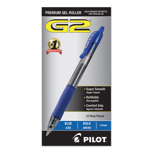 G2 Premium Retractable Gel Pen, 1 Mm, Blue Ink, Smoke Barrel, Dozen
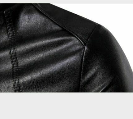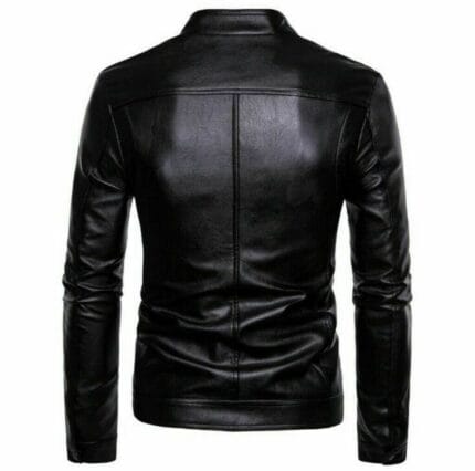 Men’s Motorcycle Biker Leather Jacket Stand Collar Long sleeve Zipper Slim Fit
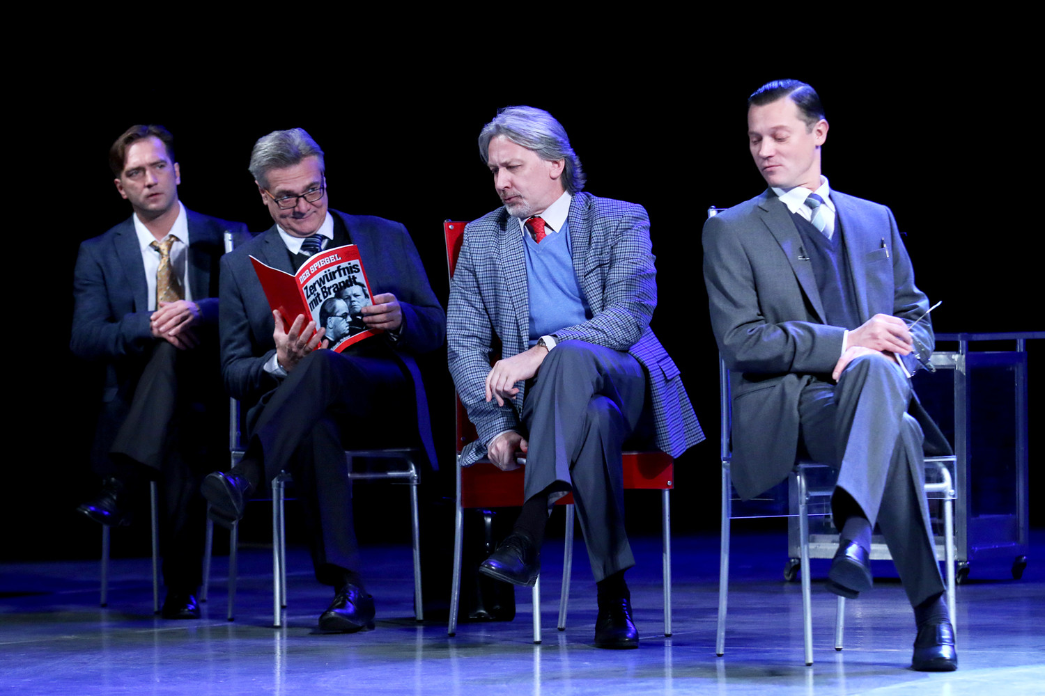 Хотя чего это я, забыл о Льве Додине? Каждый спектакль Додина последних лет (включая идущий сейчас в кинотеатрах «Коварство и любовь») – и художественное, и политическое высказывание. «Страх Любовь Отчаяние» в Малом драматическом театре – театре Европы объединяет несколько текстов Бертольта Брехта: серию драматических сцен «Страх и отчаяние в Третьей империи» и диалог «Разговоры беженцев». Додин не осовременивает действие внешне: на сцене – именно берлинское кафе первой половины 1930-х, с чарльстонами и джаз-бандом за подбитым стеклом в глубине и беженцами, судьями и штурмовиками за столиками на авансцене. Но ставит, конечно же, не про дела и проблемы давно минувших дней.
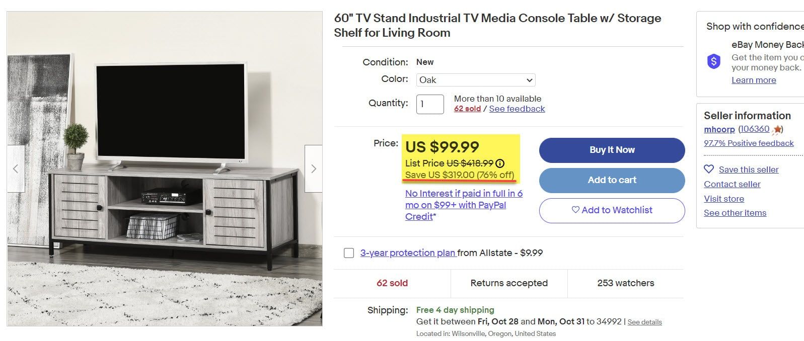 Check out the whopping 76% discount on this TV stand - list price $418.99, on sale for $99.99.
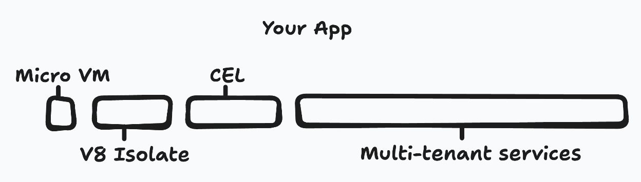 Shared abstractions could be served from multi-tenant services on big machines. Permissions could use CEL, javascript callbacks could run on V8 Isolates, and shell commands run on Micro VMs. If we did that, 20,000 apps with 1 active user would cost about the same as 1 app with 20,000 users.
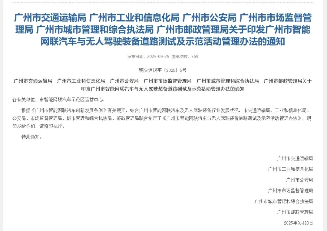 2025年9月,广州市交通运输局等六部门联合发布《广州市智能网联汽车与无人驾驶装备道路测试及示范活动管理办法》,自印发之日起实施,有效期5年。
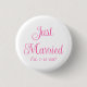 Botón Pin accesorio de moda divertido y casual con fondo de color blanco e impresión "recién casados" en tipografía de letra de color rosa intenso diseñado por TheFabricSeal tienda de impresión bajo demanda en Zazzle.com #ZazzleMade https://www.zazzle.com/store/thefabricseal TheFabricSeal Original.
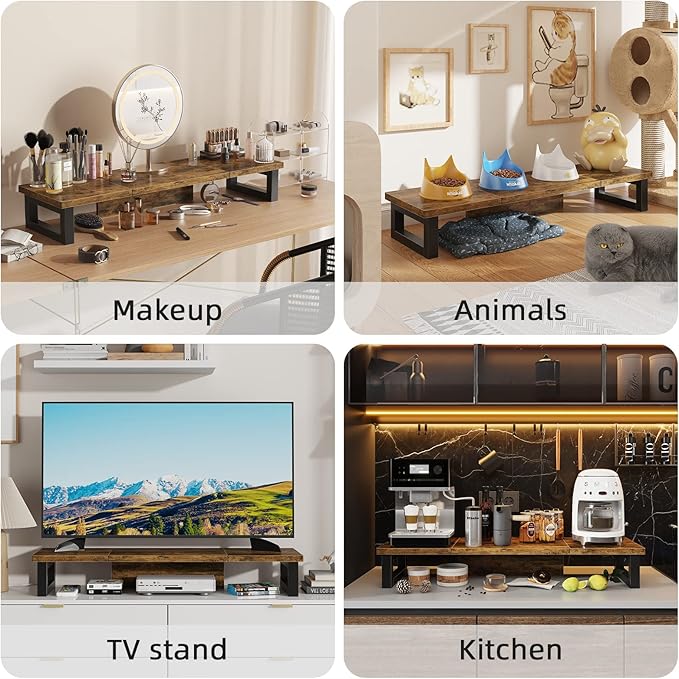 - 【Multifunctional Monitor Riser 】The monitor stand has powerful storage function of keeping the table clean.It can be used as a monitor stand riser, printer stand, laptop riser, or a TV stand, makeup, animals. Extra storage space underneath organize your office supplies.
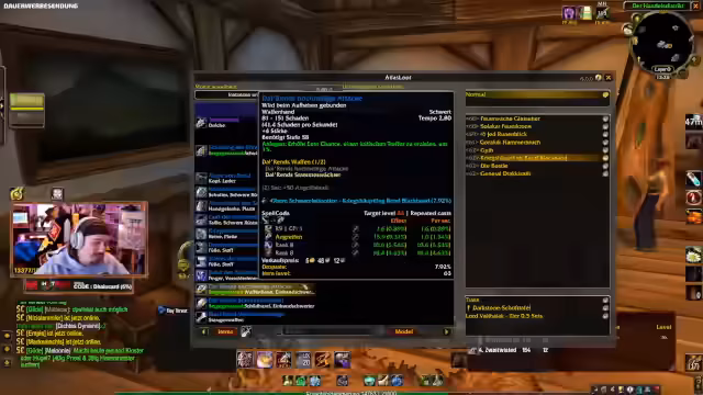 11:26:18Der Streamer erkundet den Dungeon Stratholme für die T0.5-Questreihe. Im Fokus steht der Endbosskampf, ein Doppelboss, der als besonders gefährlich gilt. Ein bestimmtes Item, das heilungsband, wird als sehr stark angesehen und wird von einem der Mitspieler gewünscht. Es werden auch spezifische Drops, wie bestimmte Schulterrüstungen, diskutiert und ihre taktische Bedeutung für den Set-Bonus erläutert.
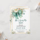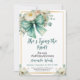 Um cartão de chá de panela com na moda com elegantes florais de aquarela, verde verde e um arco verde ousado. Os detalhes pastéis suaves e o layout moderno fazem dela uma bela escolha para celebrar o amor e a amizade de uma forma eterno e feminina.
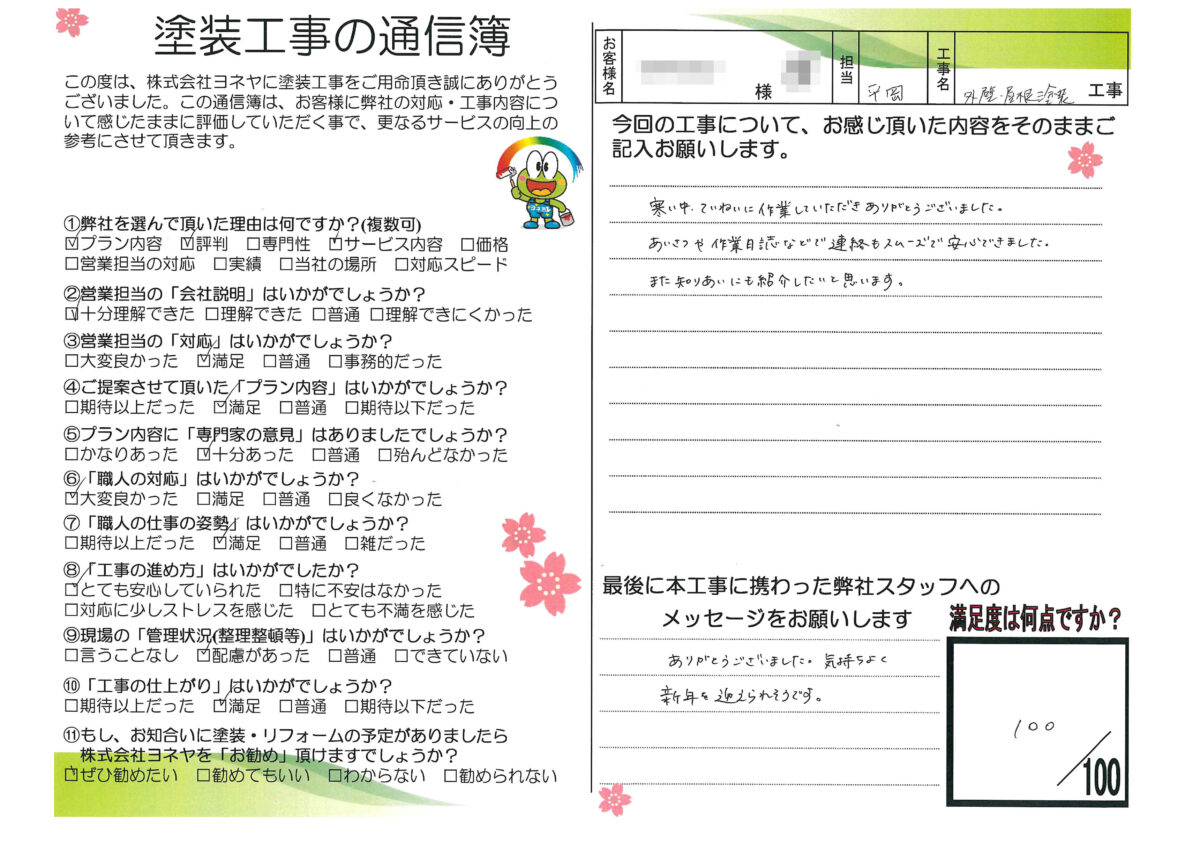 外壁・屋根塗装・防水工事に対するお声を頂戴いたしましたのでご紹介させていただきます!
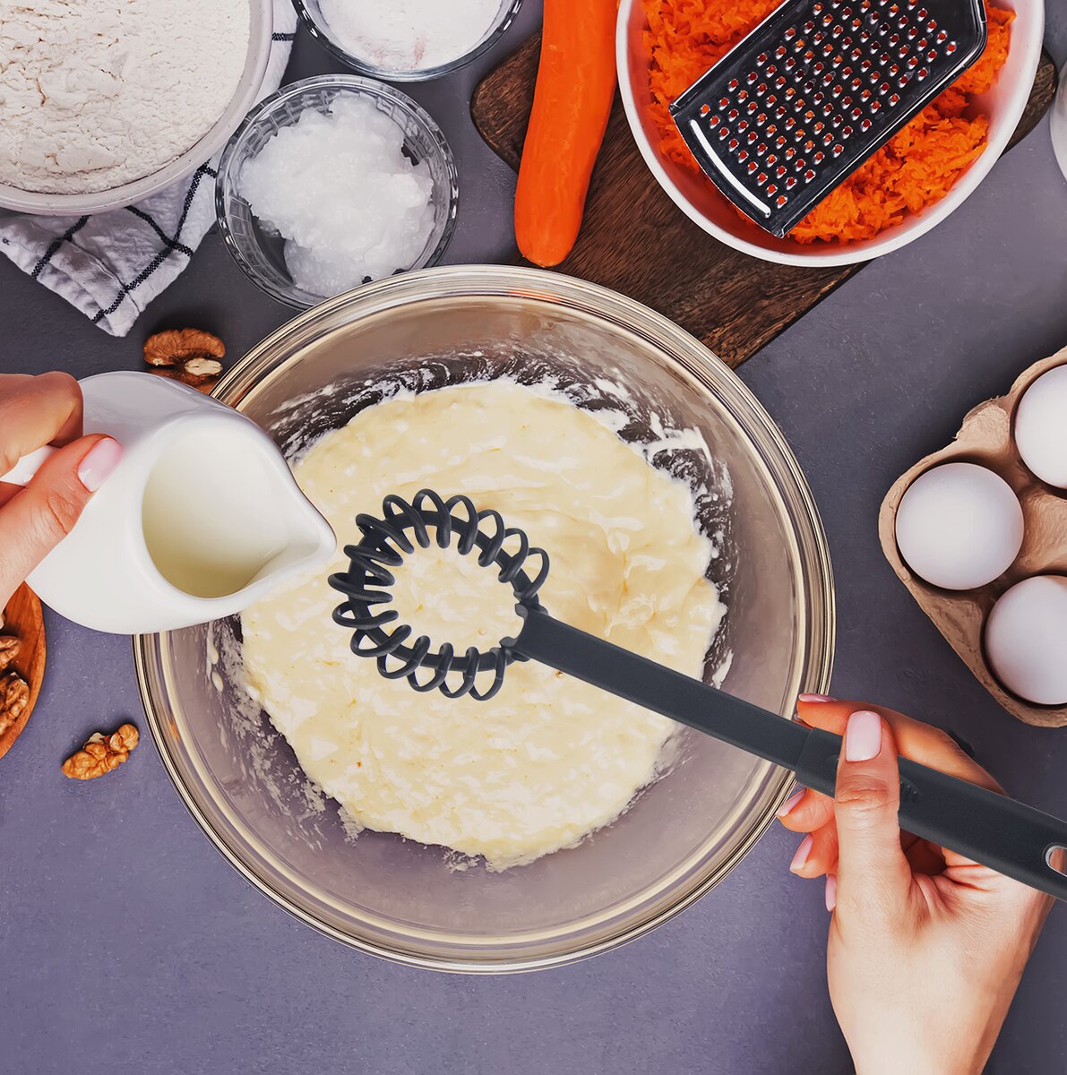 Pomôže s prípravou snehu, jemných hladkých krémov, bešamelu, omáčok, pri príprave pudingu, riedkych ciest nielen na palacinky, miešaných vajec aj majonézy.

----------------

● **TASK ITEM**: Pictures are to be left out; the lines from the start of the records above through the line holding "Men’s Motorcycle Biker" are to be returned exactly.

● **OUTPUT**:
 G2 Premium Retractable Gel Pen, 1 Mm, Blue Ink, Smoke Barrel, Dozen
 Men’s Motorcycle Biker Leather Jacket Stand Collar Long sleeve Zipper Slim Fit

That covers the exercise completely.